In the plain old dynamic-calling, static-optimized case, the JVM is dutifully optimizing everything we throw at it. It's taking our Ruby calls, inlining the invokers and their eventual calls, inlining core class methods (yes, this means we've always been able to inline Ruby into Ruby or Java into Ruby or Ruby into Java, given the appropriate tweaks), and optimizing things very well. But here's the problem: the JVM's default settings are tuned for optimizing *Java*, not for optimizing Ruby. In Java, a call from one method to another has exactly one hop. In JRuby's dynamic calls, it may take three or four hops, bouncing through CallSites and DynamicMethods to eventually get to the target. Since Hotspot only inlines up to 9 levels of calls by default, you can see we're eating up that budget very quickly. Add to that the fact that Java to Java calls have no intervening code to eat up bytecode size thresholds, and we're essentially only getting a fraction of the optimization potential out of Hotspot that a "simpler" language like Java does.

Now consider the dynamically-optimized case. We've eliminated both the CallSite and the DynamicMethod from most calls, even if we have to insert a bit of guard code to do it. That means nine levels of Ruby calls can inline, or nine levels of logic from Ruby to core methods or Ruby to Java. We've now given Hotspot a much better picture of the system to optimize. We've also eliminated some of the background noise of doing a Ruby call, like updating rarely-used data structures. We'll need to ensure backtraces come out in some usable form, but at least we're not double-tracking them.

The bottom line here is that instead of doing all the much harder work of adding inlining to our own compiler, all we need to do is let the JVM do it, and we benefit from the years of work that have gone into current JVMs' optimizing compilers. The best way to solve a hard problem is to get someone else to solve it for you, and the JVM does an excellent job of solving this particular hard problem. Instead of giving the JVM a fish *or* teaching it how to fish, we're just giving it a map of the lake; it's already an expert fisherman.

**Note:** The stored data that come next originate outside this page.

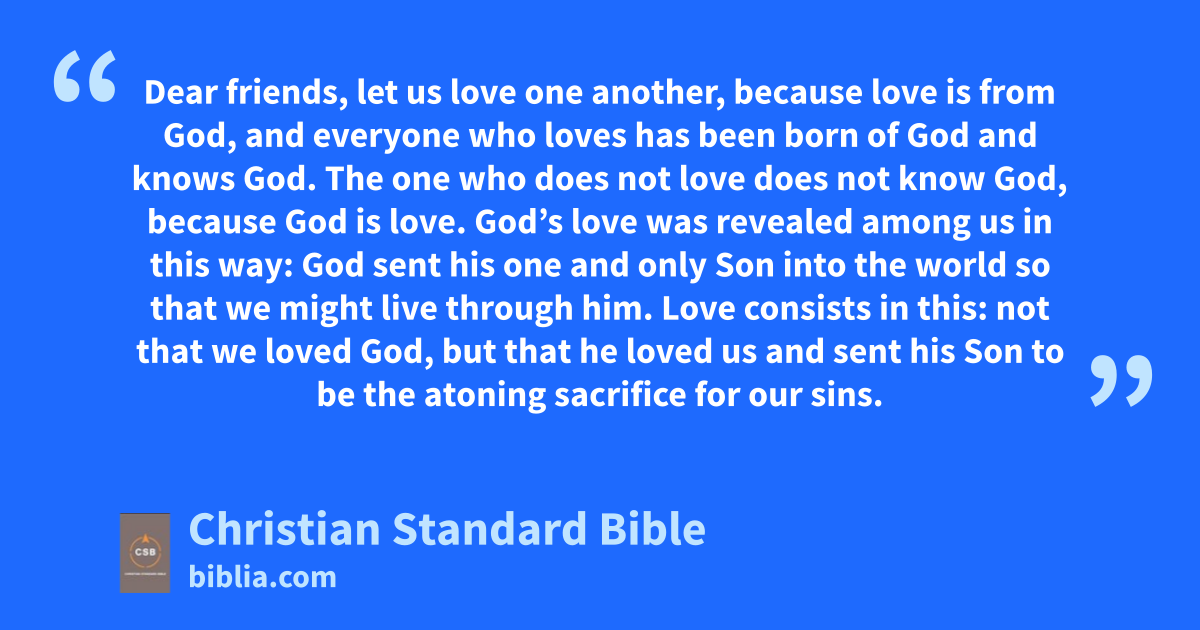 7 Dear friends, let us love one another, because love is from God, and everyone who loves has been born of Godq and knows God. 8 The one who does not love does not know God, because God is love. 9 God’s love was revealed among usB in this way: God sentr his one and only Sons into the world so that we might livet through him. 10 Love consists in this: not that we loved God, but that he loved usu and sent his Son to be the atoning sacrificeC,v for our sins. 11 Dear friends, if God loved us in this way, we also must love one another.w 12 No one has ever seen God.x If we love one another, God remains inD us and his love is made complete in us. 13 This is how we know that we remain in himy and he in us: He has given us of his Spirit.z 14 And we have seen and we testify that the Father has sent his Sonaa as the world’s Savior. 15 Whoever confessesab that Jesus is the Son of God—God remains in him and he in God. 16 And we have come to know and to believe the love that God has for us.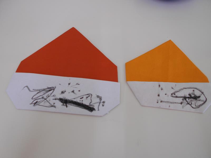 たんぽぽさん、前回折り紙で作った栗にクレヨンで点々を描き、イガに色を塗りました。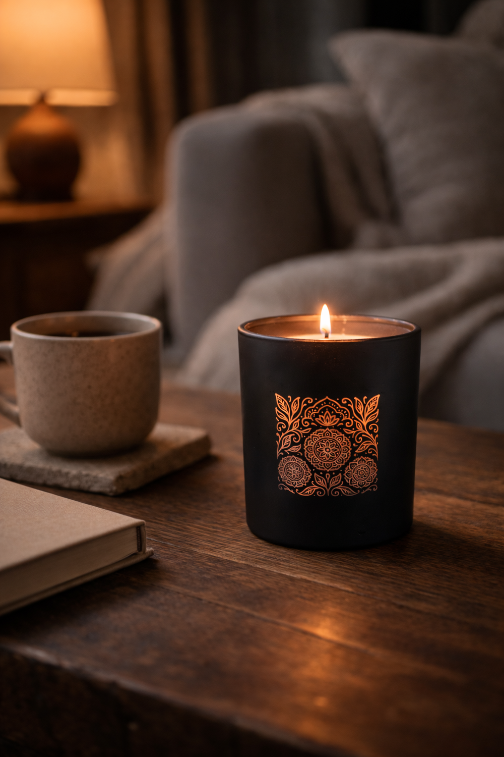 This vessel features layered floral geometry and balanced symmetry influenced by ceremonial patterns. When lit, the design reveals a warm, grounding glow.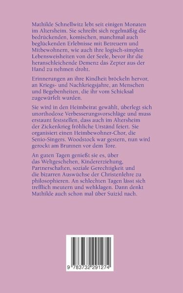 Mathilde Schnellwitz lebt seit einigen Monaten im Altersheim. Sie schreibt sich regelmäßig die bedrückenden, komischen, manchmal auch beglückenden Erlebnisse mit Betreuern und Mitbewohnern, wie auch ihre logisch-simplen Lebensweisheiten von der Seele, bevor ihr die heranschleichende Demenz das Zepter aus der Hand zu nehmen droht.Erinnerungen an ihre Kindheit bröckeln hervor, an Kriegs- und Nachkriegsjahre, an Menschen und Begebenheiten, die ihr vom Schicksal zugewürfelt wurden.Sie wird in den Heimbeirat gewählt, überlegt sich unorthodoxe Verbesserungsvorschläge und muss erstaunt feststellen, dass auch im Altersheim der Zickenkrieg fröhliche Urständ feiert. Sie organisiert einen Heimbewohner-Chor, die Senio-Singers. Woodstock war gestern, nun wird gerockt am Brunnen vor dem Tore. An guten Tagen genießt sie es, über das Weltgeschehen, Kindererziehung, Partnerschaften, soziale Gerechtigkeit und die bizarren Auswüchse der Christenlehre zu philosophieren. An schlechten Tagen lässt sich trefflich meutern und wehklagen. Dann denkt Mathilde auch schon mal über Suizid nach.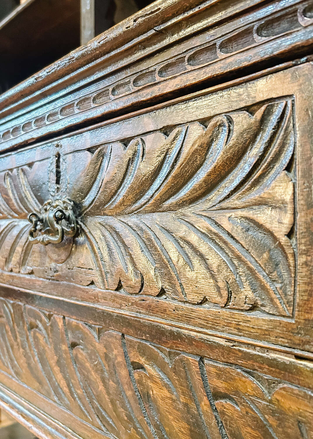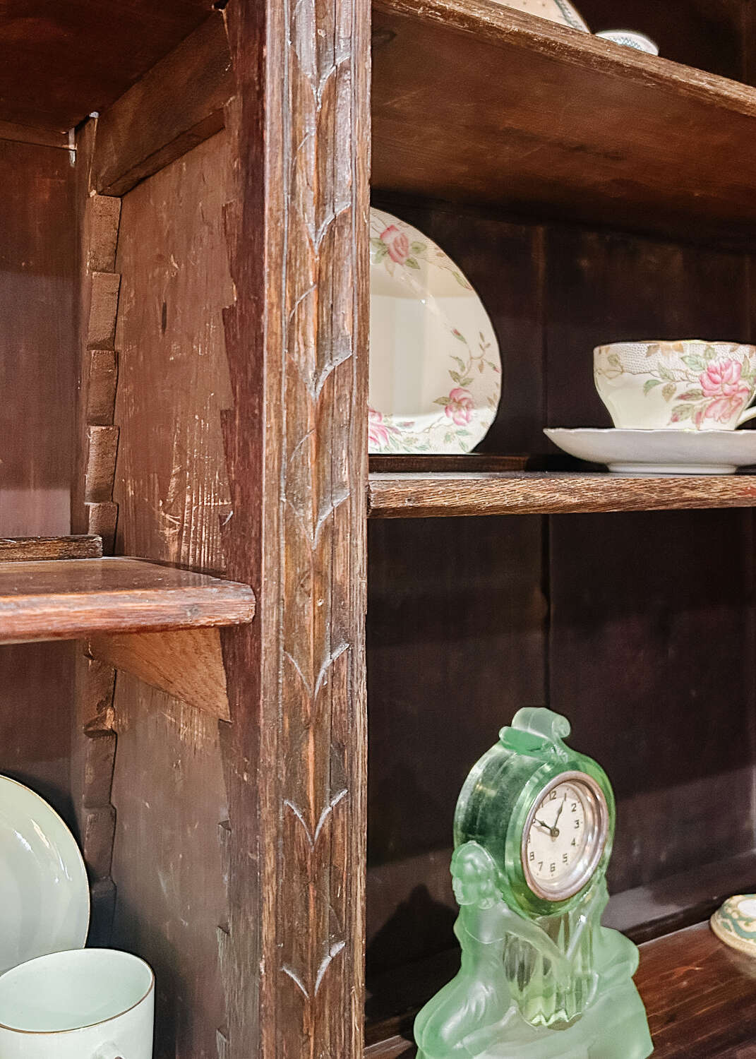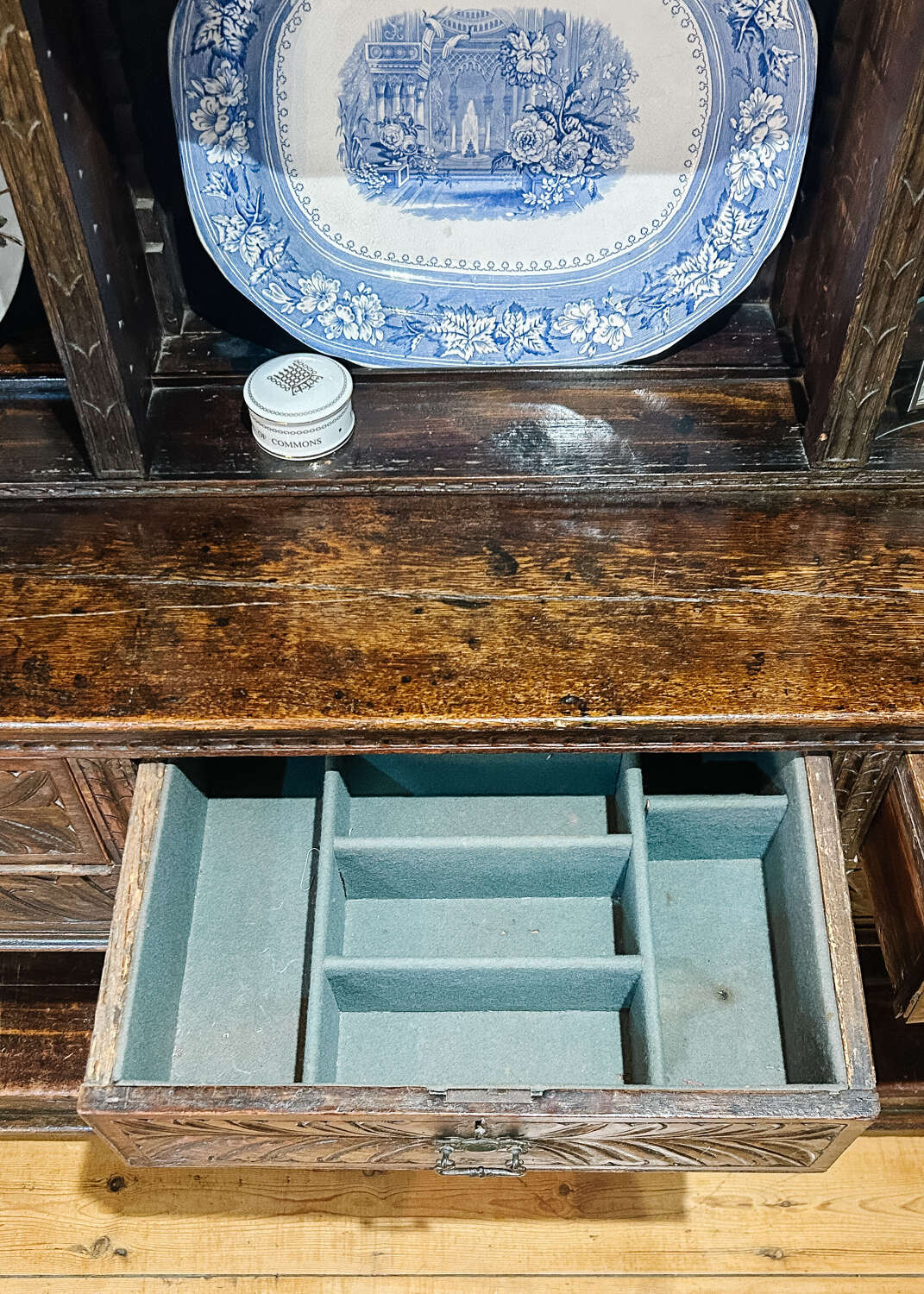 A handsome antique Welsh dresser in dark oak, rich in tone and full of quiet character. The carved drawer fronts add depth and decorative interest without overwhelming the piece, giving it a grounded, architectural feel. The upper section features adjustable shelving, making it both practical and adaptable — ideal for displaying pottery, books or everyday kitchenware. Below, the drawers and cupboard offer useful storage, balancing beauty with function. The oak has aged well, with surface character and gentle variations that speak to its history and bring warmth to the piece. A substantial, timeless dresser that sits comfortably in farmhouse, cottage or country interiors. This piece is currently located at a client’s home and will require a short period with us for final preparation before dispatch. Collection and the necessary work will be arranged promptly following purchase.Measurements: 193.5cm Tall (85cm counter height) x 173cm Wide x 44.5cm Deep (23cm Top section depth)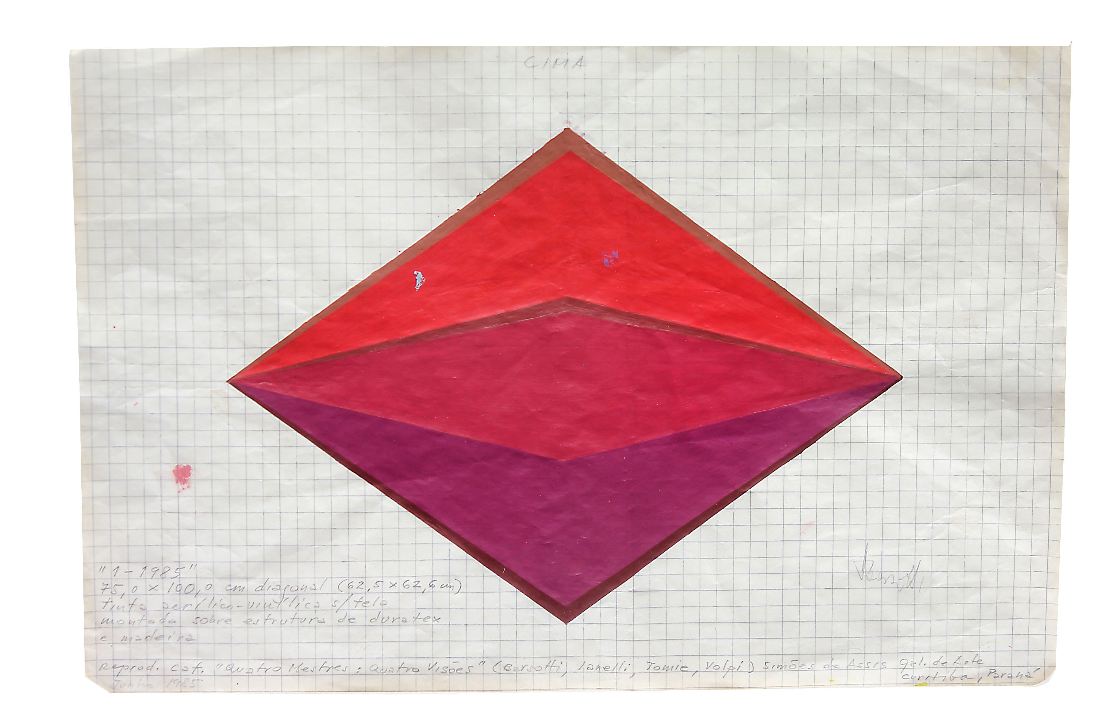 Hércules Rubens Barsotti (São Paulo SP 1914 - idem 2010). Pintor, desenhista, programador visual, gravador. Inicia formação artística em 1926, sob orientação do pintor Enrico Vio (1874-1960), com quem estuda desenho e composição. Em 1937, forma-se em química industrial pelo Instituto Mackenzie. Começa a pintar em 1940 e, na década seguinte, realiza as primeiras pinturas concretas, além de trabalhar como desenhista têxtil e projetar figurino para o teatro. Em 1954, com Willys de Castro (1926-1988), funda o Estúdio de Projetos Gráficos, elabora ilustrações para várias revistas e desenvolve estampas de tecidos produzidos em sua tecelagem. Viaja a estudo para a Europa em 1958, onde conhece Max Bill (1908-1994), então um dos principais teóricos da arte concreta. Na década de 1960, convidado por Ferreira Gullar (1930), integra-se ao Grupo Neoconcreto do Rio de Janeiro e participa das exposições de arte do grupo realizadas no Ministério da Educação e Cultura (MEC), no Rio de Janeiro, e no Museu de Arte Moderna de São Paulo (MAM/SP). Em 1960, expõe na mostra Konkrete Kunst [Arte Concreta], organizada por Max Bill, em Zurique. Hercules Barsotti explora a cor, as possibilidades dinâmicas da forma e utiliza formatos de quadros pouco usuais, como losangos, hexágonos, pentágonos e circunferências. Em sua obra a disposição dos campos de cor cria a ilusão de tridimensionalidade. Entre 1963 e 1965, colabora na fundação e participa do Grupo Novas Tendências, em São Paulo. Em 2004, o MAM/SP organiza uma retrospectiva do artista.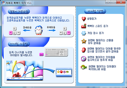 귀여운 뽁뽁이 캐릭터가 나오는 타자게임을 할 수 있습니다.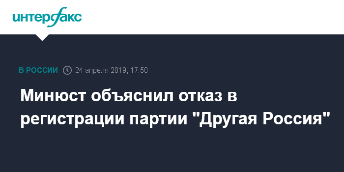 Ранее в среду пресс-секретарь незарегистрированной партии "Другая Россия" Мария Свердлова сообщила "Интерфаксу", что Минюст отказал в регистрации партии. По ее словам, в качестве причины отказа, министерство назвал "формальные ошибки в заполнении форм документов и опечатки".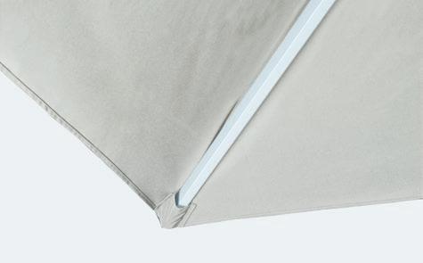 3x3 m parasol. double pulley. Onepiece aluminum mast and 8 aluminum ribs. Fabric weight 300 g/m2. Polyester. Aluminum with stainless steel effect. Does not include foot.
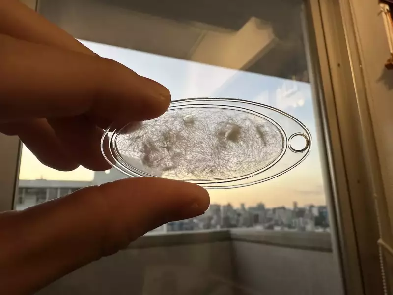 購入するとどのようなダウンが入っているかがわかるように、プラスチックの透明パックの中に封入されているダウンが入っており、これが製品タグと一緒に取り付けられて送られてきます。
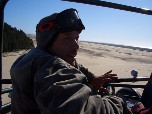 Der Typ hat einen genialen Gangsta-Rap-Akzent, der mich so beeindruckt, dass ich zwei Tage so spreche (sehr zur Freude von Herrn Barb). Die Tour ist zugegebenermaßen ein Riesenspaß, ich wundere mich nur, dass es nie zu Zusammenstößen zwischen uns und den zahlreichen Motorrädern kommt, die dauernd zwischen den Dünen auftauchen. Am Ende sehen wir noch einen Koyoten.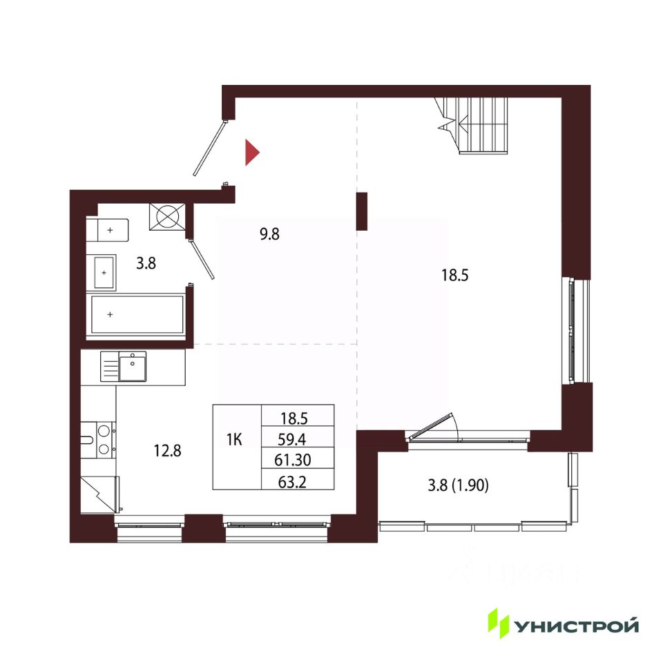 Общая площадь61,3 м2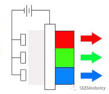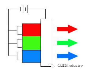 这是最常使用的技术,就是将三种发光层排列在一起,加入不同的偏压产生全彩的效果,此技术重点在于发光材料光色纯度与效率的掌握。以小分子有机发光二极管技术而言,所面临的重大问题就是红色材料的纯度、效率与寿命,而大分子有机发光二极管方面,则是在于红、绿、蓝三原色定位等问题

There's also another side to these optimizations: our continued maintenance of an interpreter is starting to pay off. Other JVM languages that don't have an interpreted mode have a much more difficult time doing any runtime optimization; simply put, it's really hard to swap out bytecode you've already loaded unless you're explicitly abstracting how that bytecode gets generated in the first place. In JRuby, where methods have always had to switch from interpreted to jitted at runtime, we're can can hop back and forth much more freely, optimizing along the way.

That's all for now. Don't expect to download JRuby 1.6 in a few months and see everything be three times (or ten times! or 100 times!) faster. There's a lot of details we need to work out about when these optimizations will be safe, how users might be able to opt-in to "full" optimization if necessary, and whether we'll get things fast enough to start replacing core code with Ruby. But early results are very promising, and it's assured we'll ship some of this very soon.